To demonstrate how our unified data and analytics solutions from SAP HANA Database & Analytics address a few pain points of data scientists and assist their daily work in an end-to-end way, with flexibility, motivates me to create this blog post.

In the upcoming sections of this blog post, I'd like to highlight how data scientists can choose solutions they want, combine capabilities from our portfolio and solve a specific problem end-to-end:

Data Preparation - To close the gab between Data Scientists and IT, we recommend that data scientists could be involved early in the phase of data integration & preparation. One single place (SAP Data Warehouse Cloud) is offered to combine all necessary data from different sources, across the company's real IT landscape.

Model Creation - Open source (e.g., Python or R) is an important pillar of data science projects. Data scientists can continue using Python script in Jupyter Notebook, where the connection to artefacts of SAP Data Warehouse Cloud has been established, and train ML models.

Model Inference - The trained ML models are reused to make a prediction. The prediction results are easily written back to SAP Data Warehouse Cloud (via so-called Open SQL Schema), which can be consumed later to enhance your data models.

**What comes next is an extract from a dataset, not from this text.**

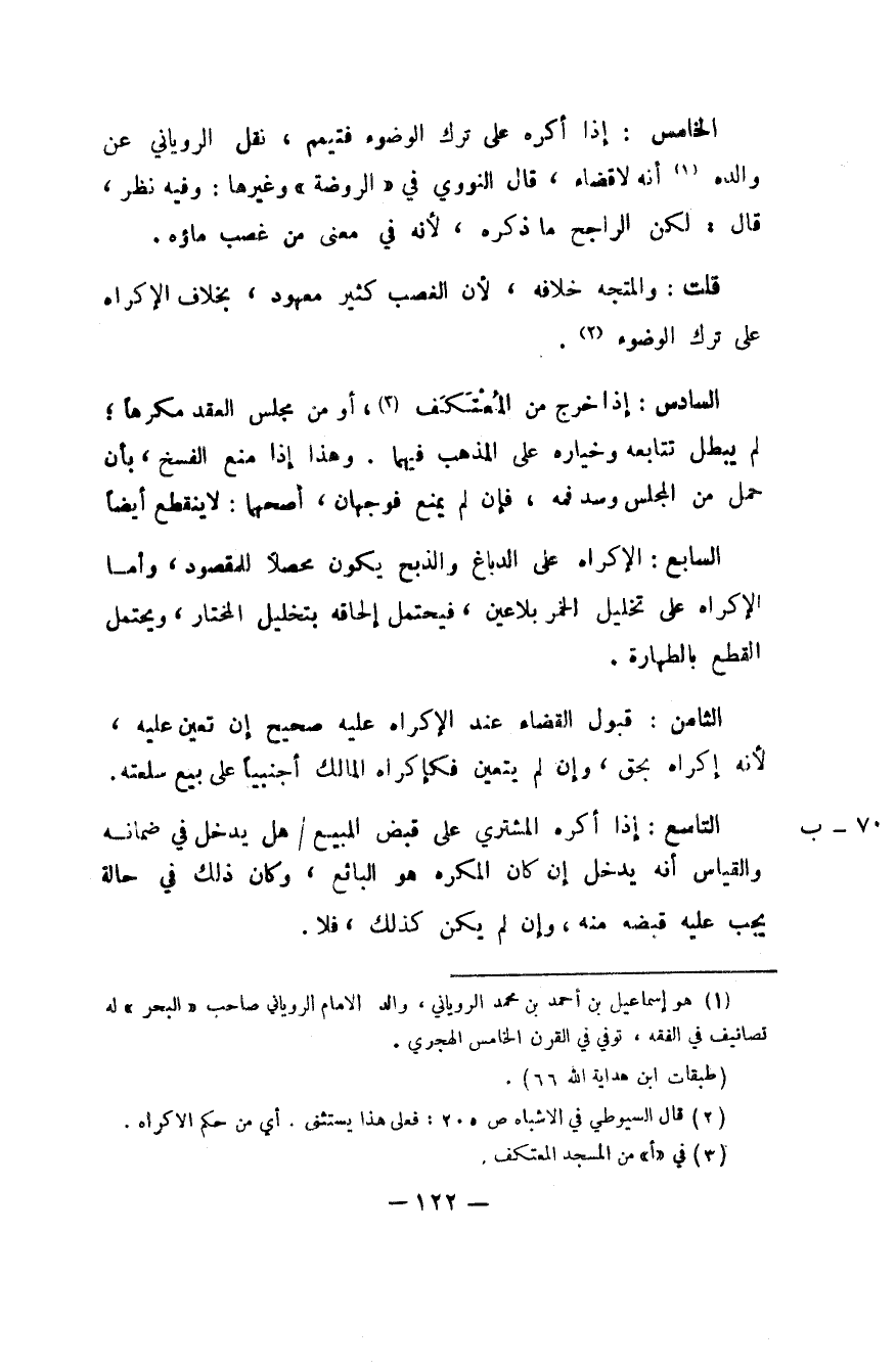 الْخَامِس إِذا أكره على ترك الْوضُوء فَتَيَمم نقل الرَّوْيَانِيّ عَن وَالِده أَنه لاقضاء قَالَ النَّوَوِيّ فِي الرَّوْضَة وَغَيرهَا وَفِيه نظر قَالَ لَكِن الرَّاجِح مَا ذكره لِأَنَّهُ فِي معنى من غصب مَاؤُهُ

Result Visualization - As a last step - to show findings/patterns behind data in a consumable way, e.g., to business users, a nice dashboard combining predictive results is created or enhanced via self-service tools in SAP Analytics Cloud.

Figure 1: End-to-End Data Science Scenario

Most of you have heard of the 80/20 dilemma: It roughly says that data scientists spend about 80 % of their time for generating and preparing data and only 20 % of their time for building and training models! We understand what matters most is NOT about algorithms. Therefore, we're intending to demonstrate how our unified solutions can assist data scientists in data preparation phase, with real-world data, and develop a data science project in an end-to-end way.

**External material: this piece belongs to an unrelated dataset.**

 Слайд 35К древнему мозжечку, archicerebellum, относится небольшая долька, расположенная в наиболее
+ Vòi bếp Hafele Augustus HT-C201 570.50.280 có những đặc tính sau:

Figure 2: Data Preparation in SAP Data Warehouse Cloud

Figure 3: Model Creation & Inference via Python in Jupyter Notebook

Figure 4: Data & Result Visualization in SAP Analytics Cloud

Key Scenario

This data science scenario is implemented base on our famous "Tankerkönig" data model. We utilise the historical gasoline prices data (2017-2021) in Germany from this public website, where prices data is stored in CSV files. We use the data in this website only for blog posting and demonstration purpose.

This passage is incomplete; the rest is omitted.